▶ [TASK DETAILS]: Set down exactly the lines below between the line holding "Fill the pot" and the line holding "因为 PostgreSQL 会使用操作系统提供的", inclusive; no other line belongs in the answer.

▶ [MATERIAL FOR THIS TASK]:
* * * *

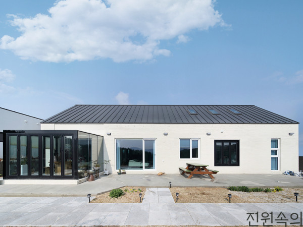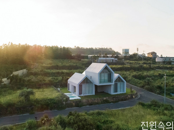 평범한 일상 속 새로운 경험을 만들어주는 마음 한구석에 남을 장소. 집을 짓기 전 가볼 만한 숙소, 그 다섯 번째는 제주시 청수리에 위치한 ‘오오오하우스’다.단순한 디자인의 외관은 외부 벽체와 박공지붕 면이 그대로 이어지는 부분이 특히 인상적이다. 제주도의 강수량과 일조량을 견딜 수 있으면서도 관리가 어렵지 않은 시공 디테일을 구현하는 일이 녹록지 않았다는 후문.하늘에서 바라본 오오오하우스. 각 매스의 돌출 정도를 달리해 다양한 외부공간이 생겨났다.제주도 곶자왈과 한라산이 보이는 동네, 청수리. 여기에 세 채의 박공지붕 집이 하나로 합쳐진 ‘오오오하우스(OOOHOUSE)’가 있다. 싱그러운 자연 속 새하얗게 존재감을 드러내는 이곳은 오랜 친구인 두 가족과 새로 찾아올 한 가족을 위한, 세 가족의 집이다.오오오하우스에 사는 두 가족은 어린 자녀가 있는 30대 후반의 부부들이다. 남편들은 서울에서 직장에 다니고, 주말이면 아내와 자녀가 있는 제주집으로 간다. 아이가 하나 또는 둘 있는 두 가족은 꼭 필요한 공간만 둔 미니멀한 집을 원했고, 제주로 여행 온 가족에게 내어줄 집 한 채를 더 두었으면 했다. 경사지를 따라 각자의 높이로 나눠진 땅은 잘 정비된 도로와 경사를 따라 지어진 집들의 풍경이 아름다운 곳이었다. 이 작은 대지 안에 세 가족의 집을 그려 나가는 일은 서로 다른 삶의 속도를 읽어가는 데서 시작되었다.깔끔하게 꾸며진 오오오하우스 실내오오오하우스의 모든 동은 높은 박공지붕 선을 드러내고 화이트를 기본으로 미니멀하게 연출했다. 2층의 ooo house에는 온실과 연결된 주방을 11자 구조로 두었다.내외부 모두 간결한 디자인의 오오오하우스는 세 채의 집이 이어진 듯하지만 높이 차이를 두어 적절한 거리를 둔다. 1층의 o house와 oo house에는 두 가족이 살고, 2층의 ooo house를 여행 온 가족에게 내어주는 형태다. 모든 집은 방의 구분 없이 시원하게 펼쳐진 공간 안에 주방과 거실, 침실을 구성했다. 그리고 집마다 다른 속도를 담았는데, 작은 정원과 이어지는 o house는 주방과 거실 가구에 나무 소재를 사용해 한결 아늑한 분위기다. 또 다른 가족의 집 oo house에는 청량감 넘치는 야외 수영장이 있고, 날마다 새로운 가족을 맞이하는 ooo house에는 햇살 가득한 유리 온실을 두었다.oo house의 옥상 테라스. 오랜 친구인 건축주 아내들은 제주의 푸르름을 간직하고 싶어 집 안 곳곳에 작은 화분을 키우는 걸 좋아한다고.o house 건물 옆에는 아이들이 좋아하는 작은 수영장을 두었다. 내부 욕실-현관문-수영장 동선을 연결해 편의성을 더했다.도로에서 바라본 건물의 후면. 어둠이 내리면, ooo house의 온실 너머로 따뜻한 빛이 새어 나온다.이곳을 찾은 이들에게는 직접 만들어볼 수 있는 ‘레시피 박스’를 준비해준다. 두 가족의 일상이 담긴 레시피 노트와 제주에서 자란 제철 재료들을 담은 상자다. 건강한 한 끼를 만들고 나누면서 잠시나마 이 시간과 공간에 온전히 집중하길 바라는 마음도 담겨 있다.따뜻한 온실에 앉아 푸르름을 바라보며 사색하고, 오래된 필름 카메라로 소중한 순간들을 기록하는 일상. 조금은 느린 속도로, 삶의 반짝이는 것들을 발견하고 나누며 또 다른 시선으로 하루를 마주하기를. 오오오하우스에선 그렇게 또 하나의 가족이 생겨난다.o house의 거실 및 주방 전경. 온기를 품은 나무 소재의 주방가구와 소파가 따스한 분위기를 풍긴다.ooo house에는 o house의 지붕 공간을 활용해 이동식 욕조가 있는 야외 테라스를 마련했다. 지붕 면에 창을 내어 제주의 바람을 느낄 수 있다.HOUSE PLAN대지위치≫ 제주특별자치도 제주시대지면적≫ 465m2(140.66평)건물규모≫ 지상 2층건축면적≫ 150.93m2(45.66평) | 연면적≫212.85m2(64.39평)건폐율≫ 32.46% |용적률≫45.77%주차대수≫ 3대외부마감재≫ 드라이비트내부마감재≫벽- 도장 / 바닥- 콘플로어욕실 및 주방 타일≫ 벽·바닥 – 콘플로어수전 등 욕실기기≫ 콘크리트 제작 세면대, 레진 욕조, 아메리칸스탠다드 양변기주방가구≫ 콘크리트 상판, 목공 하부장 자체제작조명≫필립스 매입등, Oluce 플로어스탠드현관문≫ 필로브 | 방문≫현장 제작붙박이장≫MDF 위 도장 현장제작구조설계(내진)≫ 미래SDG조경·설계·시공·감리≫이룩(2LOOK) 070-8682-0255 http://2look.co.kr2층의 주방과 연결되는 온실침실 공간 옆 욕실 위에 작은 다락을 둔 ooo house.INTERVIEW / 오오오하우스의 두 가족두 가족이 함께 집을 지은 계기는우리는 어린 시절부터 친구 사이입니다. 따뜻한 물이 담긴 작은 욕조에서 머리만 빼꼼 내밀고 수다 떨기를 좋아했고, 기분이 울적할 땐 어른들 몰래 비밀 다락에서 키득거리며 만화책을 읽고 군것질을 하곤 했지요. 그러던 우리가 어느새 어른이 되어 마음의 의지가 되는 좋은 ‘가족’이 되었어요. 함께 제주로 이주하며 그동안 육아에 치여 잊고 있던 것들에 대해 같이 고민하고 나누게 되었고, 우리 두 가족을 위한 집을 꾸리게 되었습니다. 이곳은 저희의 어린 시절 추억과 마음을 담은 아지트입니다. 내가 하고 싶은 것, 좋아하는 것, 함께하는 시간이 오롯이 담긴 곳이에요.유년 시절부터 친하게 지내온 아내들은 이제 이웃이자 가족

* * * *

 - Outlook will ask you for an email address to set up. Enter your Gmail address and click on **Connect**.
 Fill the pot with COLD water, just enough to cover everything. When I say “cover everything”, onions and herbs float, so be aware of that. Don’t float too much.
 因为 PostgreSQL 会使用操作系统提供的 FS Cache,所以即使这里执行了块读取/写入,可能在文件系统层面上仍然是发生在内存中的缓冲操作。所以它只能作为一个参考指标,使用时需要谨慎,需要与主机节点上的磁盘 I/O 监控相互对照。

* * * *

▶ [FINAL ANSWER]:
 Fill the pot with COLD water, just enough to cover everything. When I say “cover everything”, onions and herbs float, so be aware of that. Don’t float too much.
 因为 PostgreSQL 会使用操作系统提供的 FS Cache,所以即使这里执行了块读取/写入,可能在文件系统层面上仍然是发生在内存中的缓冲操作。所以它只能作为一个参考指标,使用时需要谨慎,需要与主机节点上的磁盘 I/O 监控相互对照。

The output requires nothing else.